3) what the Bible actually says about looking after God’s creation: “ardent environmentalism [is a position that it is] anachronistic to find Biblical grounds for, but I think we can easily enough imagine having God’s approval.” This displays shocking Scriptural illiteracy. Adam and Eve are commissioned to be “stewards” of what the LORD crafted for them to enjoy, caring for the earth and fulfilling its creative potential. The Psalmist David perceives that the world belongs to God and displays His glory: “Let the sea resound, and all that is in it; let the fields be jubilant, and
everything in them! Then the trees of the forest will sing, they will sing for joy before the LORD, for he comes to judge the earth” (1 Chronicles 16:23).
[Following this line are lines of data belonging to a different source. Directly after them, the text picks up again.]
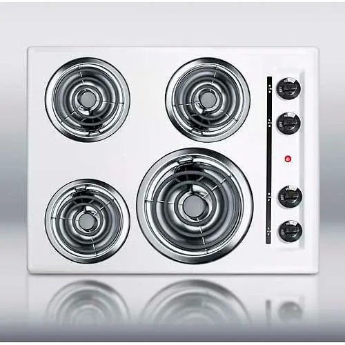 Summit-24"W 220V Electric Cooktop, White Porcelain Finish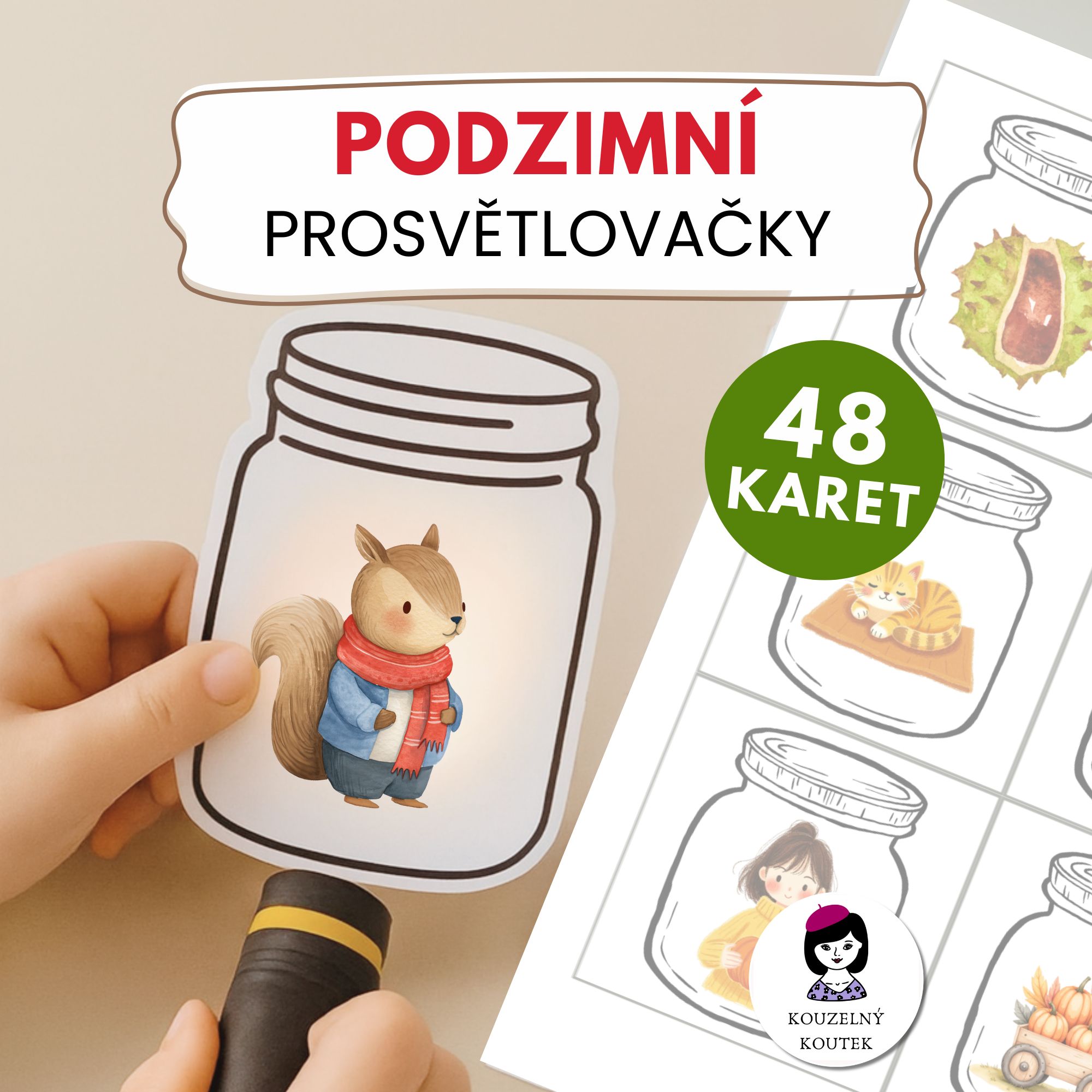 Objevte kouzlo podzimu se sadou 48 prosvětlovacích obrázků, které se rozzáří pod světlem baterky!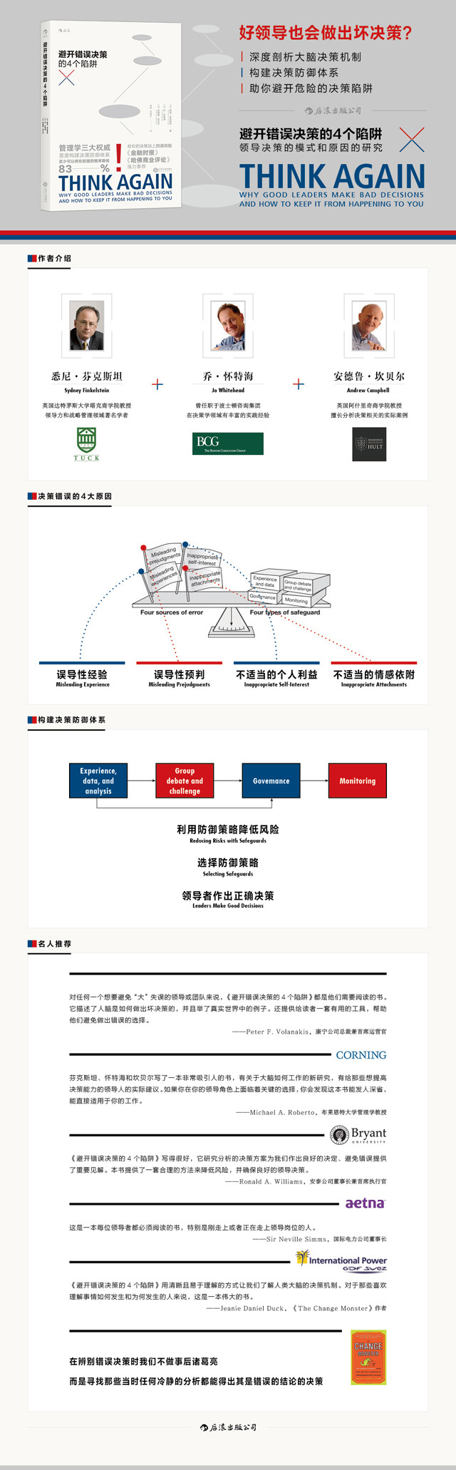 三位管理学大师,均致力于研究“决策为什么会失败”,各有所长,相得益彰。共同构建了决策防御体系,期望为读者将决策的风险降到最低。本书已成为《哈佛商业评论》决策管理经典。
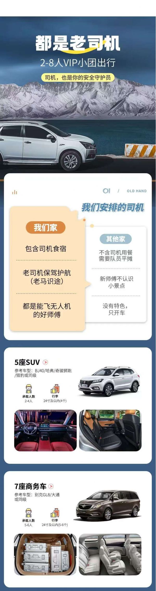 為保證成團(tuán)及質(zhì)量,根據(jù)人數(shù)派不同座位數(shù)用車,保證每人一正座;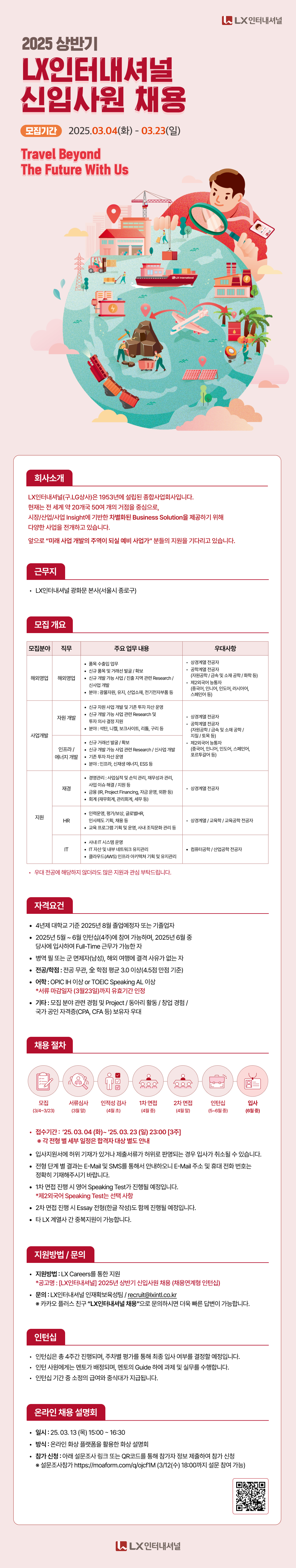 https://apply.lxcareers.com/ *공고명 : [LX인터내셔널] 2025년 상반기 신입사원 채용 (채용연계형 인턴십)

Given this understanding, clearly God expects us to look after what He has made and is utterly appalled when trash what declared “good”.
4) “homophobia has a curious, expansionist tendency: it is never enough to simply think less of a person for their sexual preferences. There is always an undercurrent of wanting to prove that disapproval with violence, or the turning-a-blind-eye thereto” – really? Firstly, what does Williams mean by “homophobia”? This seems to include all criticism and objection to homosexual activity. If so, that’s like saying that everyone who thinks Christians are – for example – mutton-headed sheeple also wants to beat them up. Surely not!
Now, according to “Ditch the Label“, who produce a comprehensive annual survey conducted only amongst students. in 2017, 50% of those bullied say it involves attitudes to their appearance; 19% say it relates to them getting high grades, and 14% say it’s because of household income. Only 4% report being bullied because of their sexuality. The clear inferences is that you are far more likely to be bullied because of your body shape, for wearing glasses, achieving academically or for having red hair than whether you are gay or transgender. It would seem this agenda has, quite simply, been hijacked by LGBT rhetoric with money and training being poured into stamping out a mere 4% of the problem!
It’s this “us and them” mentality, the plea for privileged treatment and claim to unique victim status, as seen in Williams’ article, that actually is causing frustration and resentment to grow in our society. David Sergeant, reflecting on the redefinition of marriage in the UK to help those balloted on Australia about a similar change, lists a number of alarming consequences that have emerged since 2013 that make for terrifying reading. However, I know that true Christians will remember the words of Jesus Christ – “love your enemies” and “pray for those who persecute”. So, that’s exactly what I will do: plead with the One who is able to do immeasurably more than all we can ask or imagine, for His mercy upon those like Zoe Williams who misrepresent Christians, so they can advance their own agendas. May they see the Light that gives Life and turn from the road that leads to destruction.